Every line below between the line holding "GORETEX - ЗАХИСНИЙ" and the line holding "含奶油白醬、毛豆及煙燻培根。肉品產地:國產肉", inclusive, should be repeated exactly, and all other lines omitted.

**The data**
_ _ _ _ _

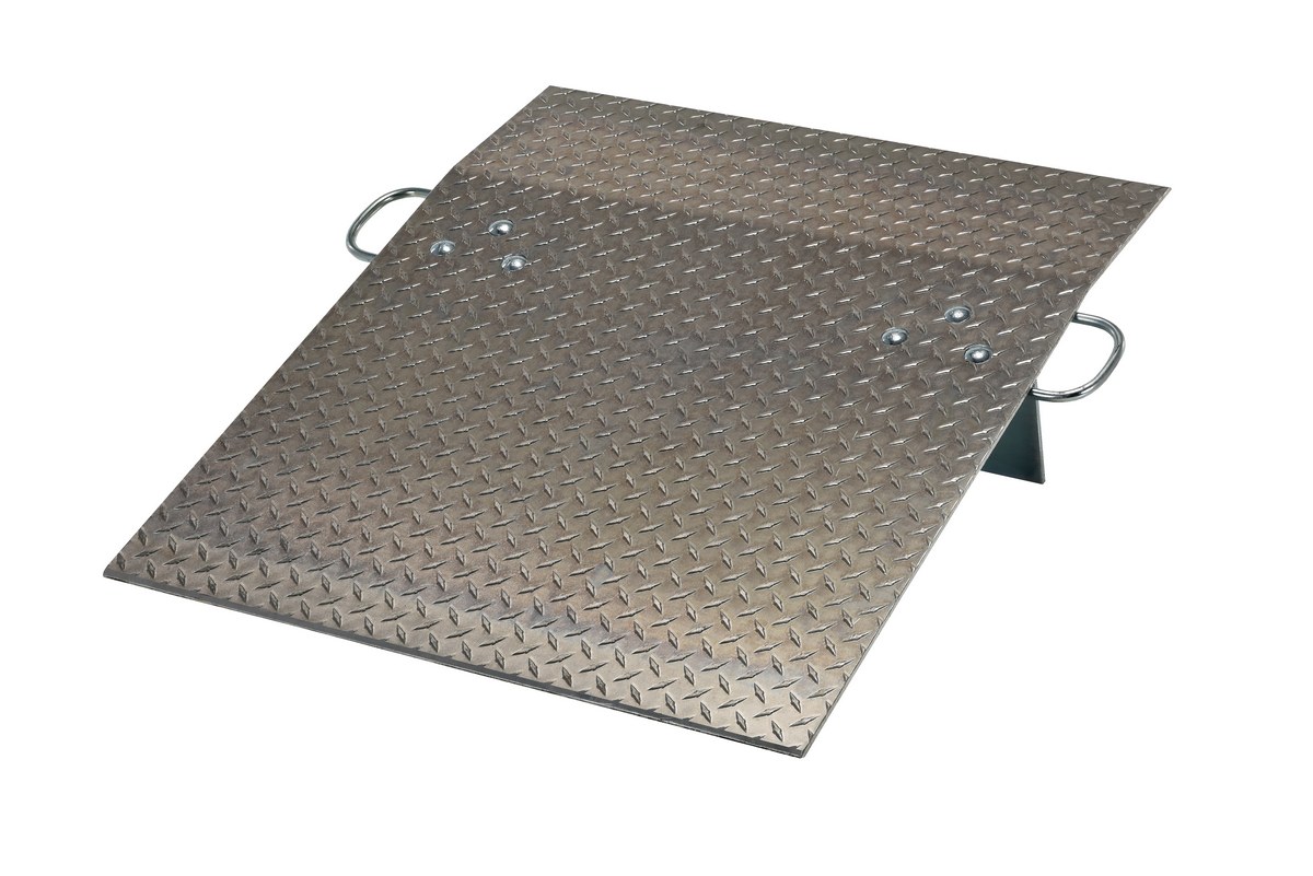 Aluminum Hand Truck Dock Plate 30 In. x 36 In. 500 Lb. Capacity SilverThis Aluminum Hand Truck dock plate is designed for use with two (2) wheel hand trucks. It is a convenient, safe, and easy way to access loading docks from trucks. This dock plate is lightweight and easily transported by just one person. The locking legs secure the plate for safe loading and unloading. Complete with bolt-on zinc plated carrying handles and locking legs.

_ _ _ _ _

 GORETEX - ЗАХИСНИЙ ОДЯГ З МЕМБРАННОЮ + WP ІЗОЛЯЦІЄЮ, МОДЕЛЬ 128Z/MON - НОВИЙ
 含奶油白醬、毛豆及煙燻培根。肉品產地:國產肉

_ _ _ _ _

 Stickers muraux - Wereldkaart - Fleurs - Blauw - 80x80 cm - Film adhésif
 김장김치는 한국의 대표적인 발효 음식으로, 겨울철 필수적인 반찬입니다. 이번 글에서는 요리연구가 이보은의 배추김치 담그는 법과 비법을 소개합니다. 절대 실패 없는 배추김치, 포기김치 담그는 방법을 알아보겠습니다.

_ _ _ _ _

**Finished exercise**
 GORETEX - ЗАХИСНИЙ ОДЯГ З МЕМБРАННОЮ + WP ІЗОЛЯЦІЄЮ, МОДЕЛЬ 128Z/MON - НОВИЙ
 含奶油白醬、毛豆及煙燻培根。肉品產地:國產肉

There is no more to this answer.